Итак, мой новый знакомец-папарацци, давайте, я лучше развлеку вас и расскажу, действительно, о греках. После чего, надеюсь, вы, провинциальный инквизитор, возросший на климатической суровости и исторических дефицитах, огорошитесь тысячелетним светом заморских баллад и, восторженно ослепленный, наконец перестанете тянуть из меня жилы, прекратив свои упреки…

Но мое греческое «давайте» появилось потом, когда и след ваш простыл (я силен задним умом). То есть позже вашего выхода вон из мрачного автобуса, где вы оставили меня одного за несколько ночных километров до моего санатория, сунув мне в руку свою визитку с золотистым орнаментом – будто вы не корреспондент, а главный редактор (кстати, не все и «степенные» ученые, к коим можно отнести и вашего покорного слугу, заводят такие кричащие карточки).
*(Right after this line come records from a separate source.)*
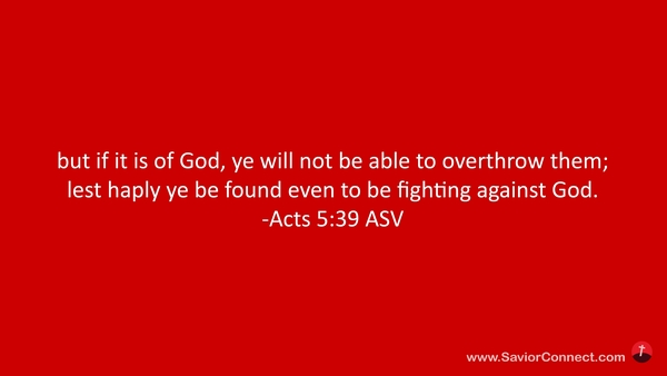 ist's aber aus Gott, so könnet ihr's nicht dämpfen; auf daß ihr nicht erfunden werdet als die wider Gott streiten wollen. -Apostelgeschichte 5:39 L1912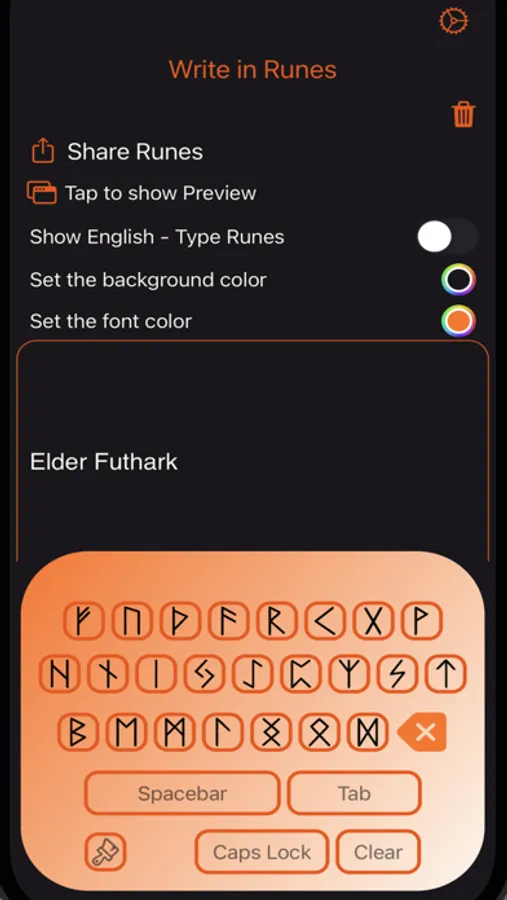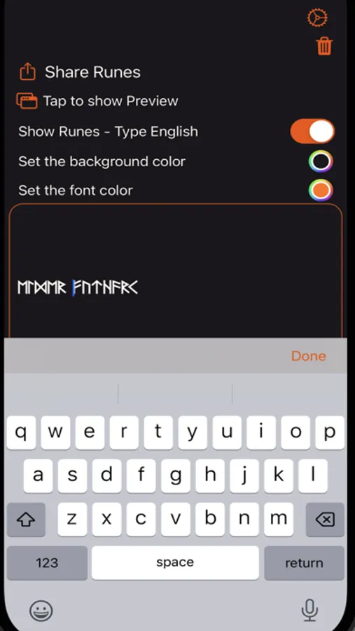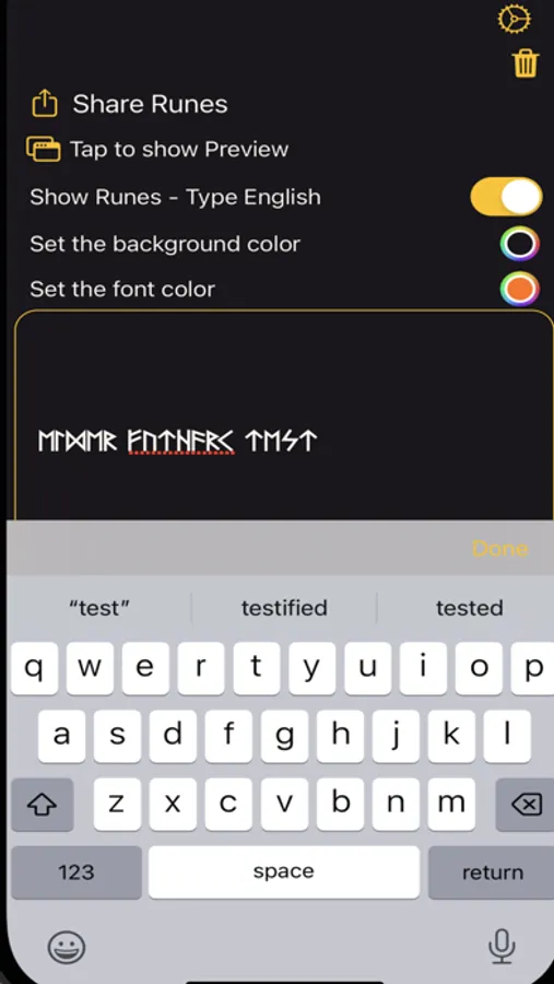 Rune Translator is a tool that allows you to write in English and translate into Runes. You can also write in Runes with our custom runes keyboard and translate the text to English. Please keep in mind that the alphabet to runes is not a one to one relationship. This tool also allows you to social share and also save what you type as an image on your device. You can also customize the background colors and font colors.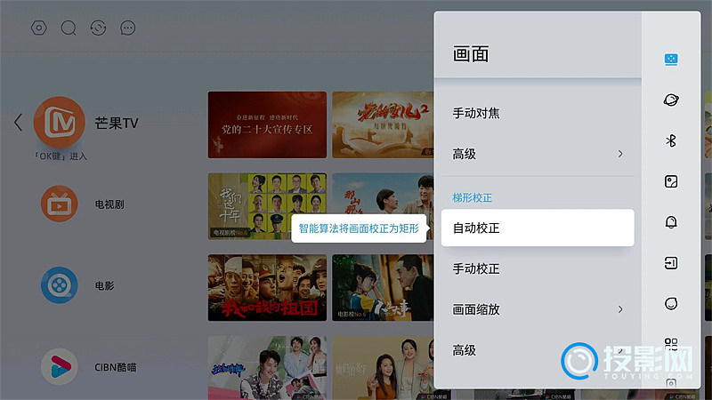 (1)点击【设置】→【画面】,进入【梯形校正】选项下的【手动校正】。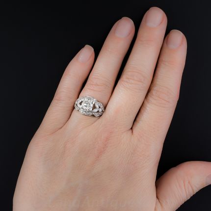A gorgeous platinum openwork Art Deco diamond engagement ring - circa 1930s. The center 1.20 carat European-cut diamond sparkles in a square box head embellished on each side by a trefoil design comprised of marquise and round-cut diamonds. The center section is outlined all around with a finely milgrained, diamond-set geometric frame. This stunning, relatively large scale, engagement ring measures 1/2" long. Ring size 6 1/4.

Поэтому о греках – позже. К тому же, о балладах – это я для красного словца, чтобы уйти от мышиной серости, в которой протекала наша беседа; не будет никаких баллад, простите, что обнадежил…

А санаторий, дружище папарацци, – какой облегчающий контраст! – действительно, как вы и обещали, показался ночной зимней сказкой, в которую я вошел всего через минуту после мрачного автобуса.
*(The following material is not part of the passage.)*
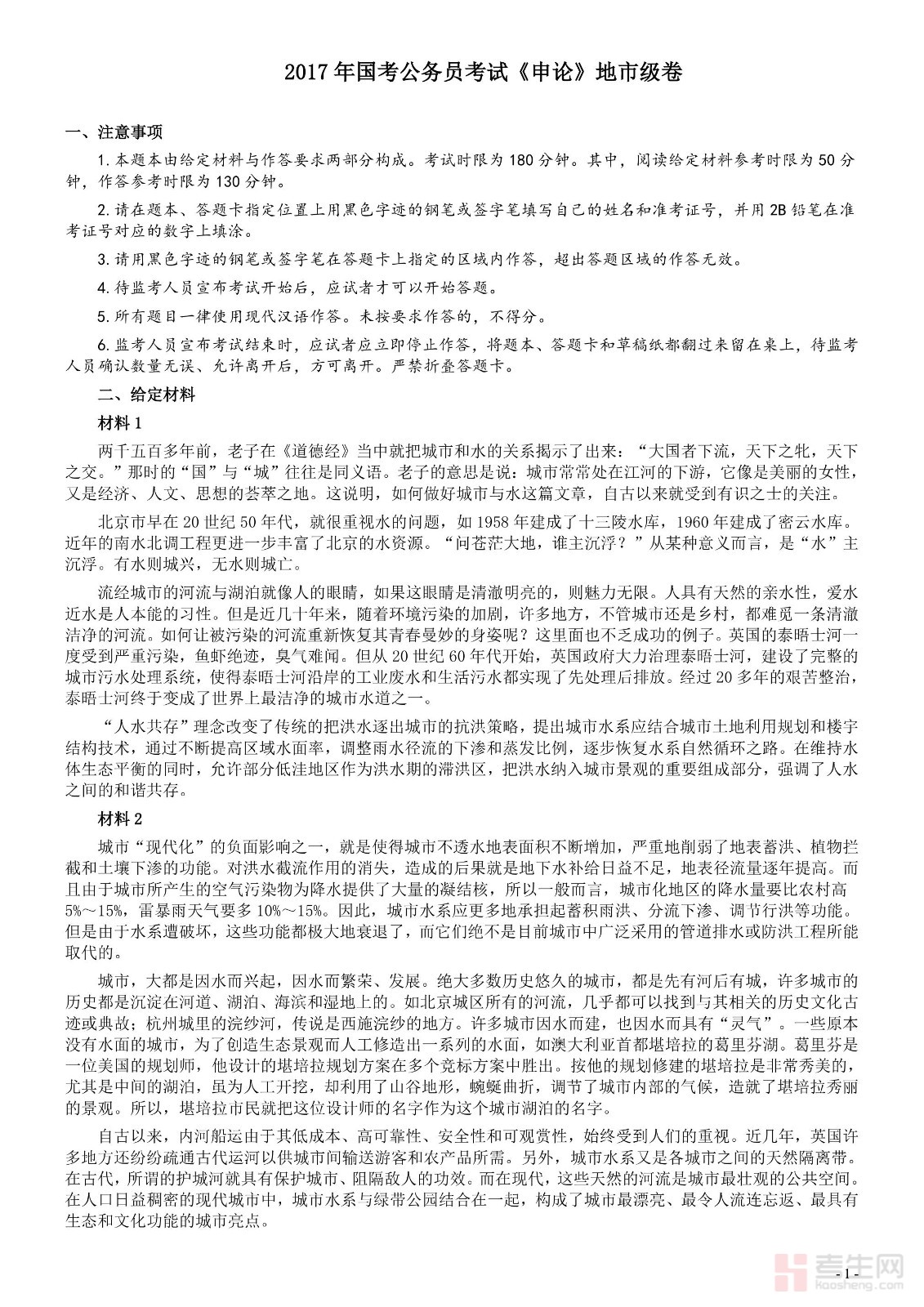 2017年国家录用公务员考试《申论》真题卷及答案(地市级)(含解析共20面)

Мерцающее княжество, застывшее в январском мороке, как световая колба, обложенная смутными вершинами, буграми, лесными стенами, замершее в разноцветном снегу и слабом, невесомом, теплом морозе. Невысокие строения, будто части крепостной стены, сложенные из крупных пластин с четкими углами, с благородным господством густых колеров: ультрамариновый, безупречно-белый, вишневый. И, конечно, зеленый (масть пророка), который кажется всего лишь частью хвойного изумруда, подсвеченного низкими фонарями и спящего в ночных соснах, проросших там и сям сквозь рельефное тело курорта.

Прежде чем зайти в приемное отделение я долго стоял на тропе, означенной цепочкой млечных огней, силясь увидеть, угадать «Горящую гору» – чем она выдаст себя? Грозным ли очерком главной вершины и облаком пара над ней? Или ее разоблачит сама архитектура санатория, зодческими чудесами рисуя восторженный вектор к титульному пику, не оставляя других вариантов взгляду чужака?.. Тщетно, очерки ночных далей размыты, небо, как мутное какао, без оттенков, и нрав архитектуры умиряющий, а не зовущий.

Оттепель. Сверху, рядом и в отдалении, то и дело срываются рухляди снега, спрессованного теплотой крыш и собственной сыростью. Мне его по большей части не видно, но слышно. Восхищаюсь тем, кто придумал, рассчитал геометрию кровли так, чтобы снег не скапливался сокрушительными горами на плоских лотках с режущими кромками, волнорезно секущих мокрую шугу. Которая, набрав массу, необходимую для преодоления трения, несется с шумом по крыше и через секундную паузу с грохотом свергается на землю – и кажется, в этой паузе вечность – ожидание падения, предчувствие удара (зажмуриваюсь, втягиваю голову в плечи), грохот и – тишина.


Извините, отвлекся. Итак, о греках.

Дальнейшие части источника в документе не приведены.